Reputation: 5469
I want to read from a database two columns, group them by the first column and insert the result into another table using Spark. My program is written in Java. I tried the following:
public static void aggregateSessionEvents(org.apache.spark.SparkContext sparkContext) {
com.datastax.spark.connector.japi.rdd.CassandraJavaPairRDD<String, String> logs = javaFunctions(sparkContext)
.cassandraTable("dove", "event_log", mapColumnTo(String.class), mapColumnTo(String.class))
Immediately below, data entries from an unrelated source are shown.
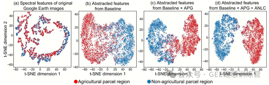 图 11.弱监督农业地块提取(WSPE)框架不同阶段特征的 t - 分布随机邻域嵌入(T-SNE)可视化。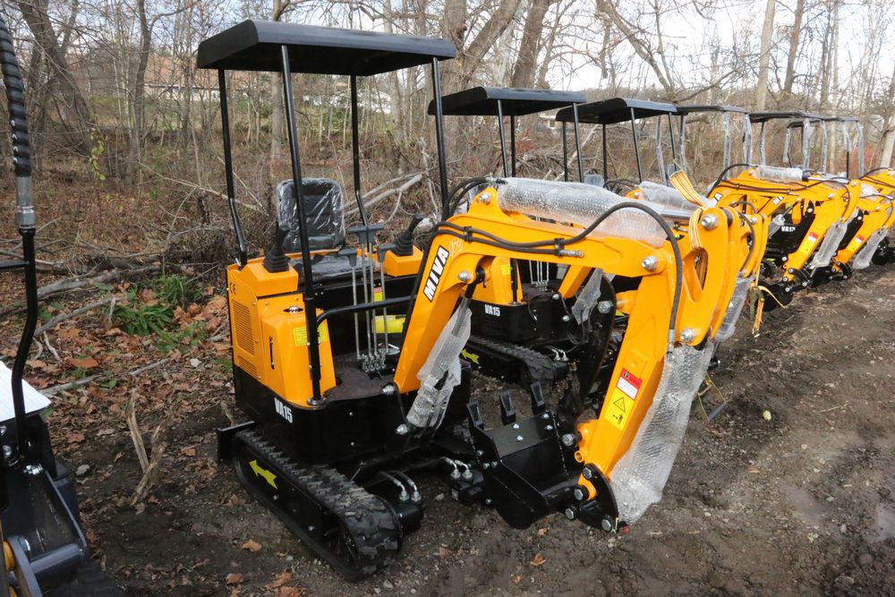 New MIVA mini excavator model: VA15, 13.5hp Briggs and Stratton gas engine, w/ thumb, Hydraulic Boom & Bucket Controls, bucket, with canopy and support bars. Hours reading less than one hour.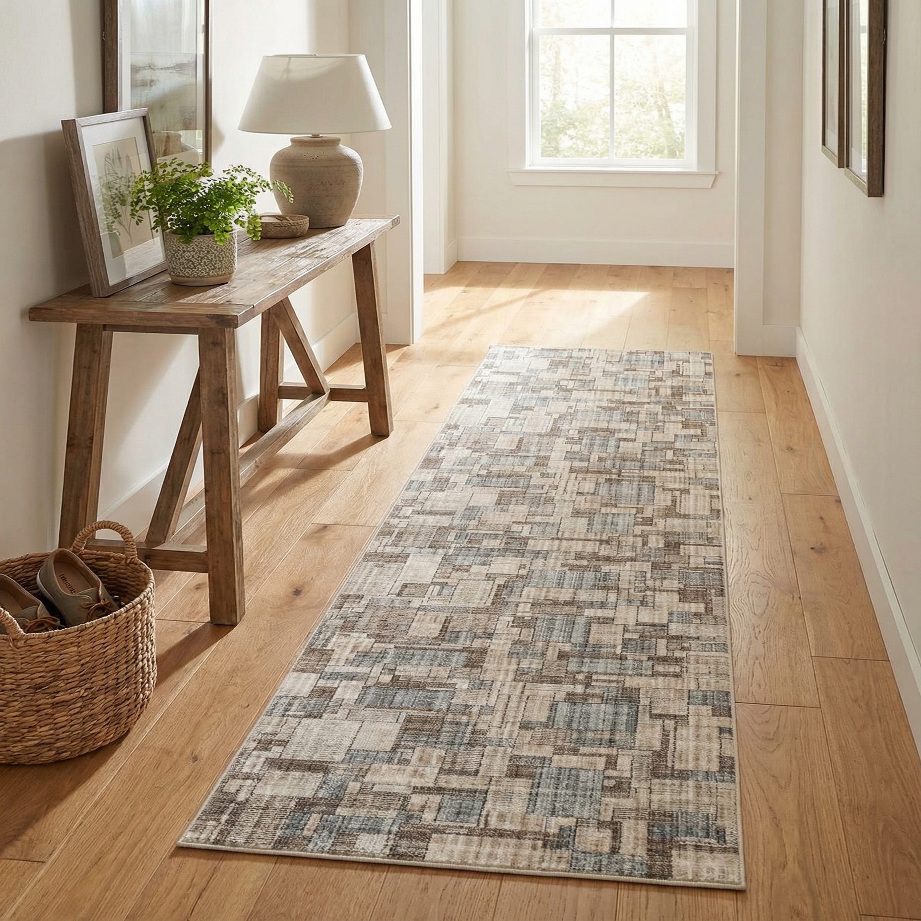 A 12 ft runner rug with a modern geometric pattern in shades of brown, tan, and white, suitable for a hallway.
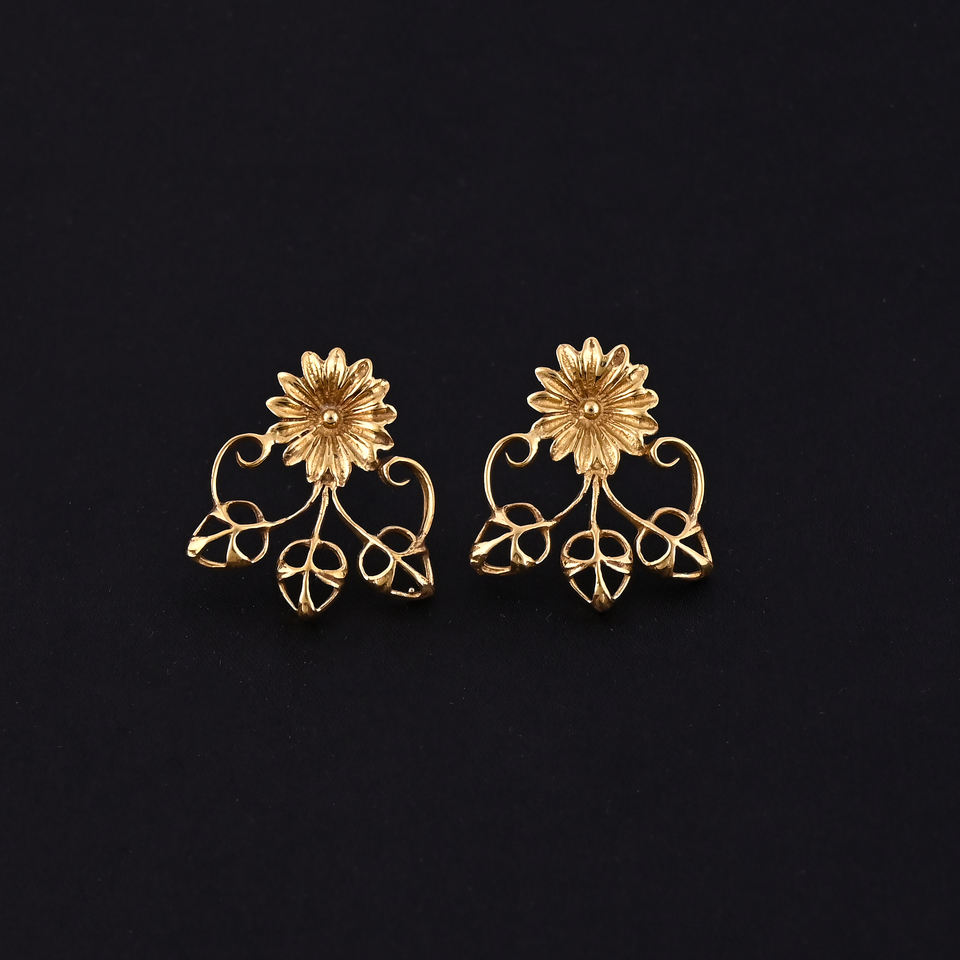 Imagen:Pendientes de flores chapados en oro con gotas curvadas

.select("session_id", "event");
logs.groupByKey();
com.datastax.spark.connector.japi.CassandraJavaUtil.javaFunctions(logs).writerBuilder("dove", "event_aggregation", null).saveToCassandra();
sparkContext.stop();
}
This is giving me the error:
The method cassandraTable(String, String, RowReaderFactory<T>) in the type SparkContextJavaFunctions is not applicable for the arguments (String, String, RowReaderFactory<String>, mapColumnTo(String.class))
My dependencies are:
<dependencies>
<dependency>
<groupId>org.apache.spark</groupId>
<artifactId>spark-core_2.10</artifactId>
<version>2.0.1</version>
<scope>provided</scope>
</dependency>
<dependency>
<groupId>org.apache.spark</groupId>
<artifactId>spark-streaming_2.10</artifactId>
<version>2.0.1</version>
<scope>provided</scope>
</dependency>
<dependency>
<groupId>com.datastax.spark</groupId>
<artifactId>spark-cassandra-connector_2.10</artifactId>
<version>1.6.2</version>
</dependency>
</dependencies>
How do I solve this?
Upvotes: 1
Views: 330
Reputation: 5469
To group data by a field, do the following steps:
After that, the data can be inserted in another table or used for some further processing.
public static void aggregateSessionEvents(SparkContext sparkContext) {
JavaRDD<Data> datas = javaFunctions(sparkContext).cassandraTable("test", "data",
mapRowTo(Data.class));
JavaPairRDD<String, String> pairDatas = datas
.mapToPair(data -> new Tuple2<>(data.getKey(), data.getValue()));
pairDatas.reduceByKey((value1, value2) -> value1 + "," + value2);
sparkContext.stop();
}
Upvotes: 0
Reputation: 1015
Change this:
.cassandraTable("dove", "event_log", mapColumnTo(String.class), mapColumnTo(String.class))
to:
.cassandraTable("dove", "event_log", mapColumnTo(String.class))
You are sending extra argument.
Upvotes: 1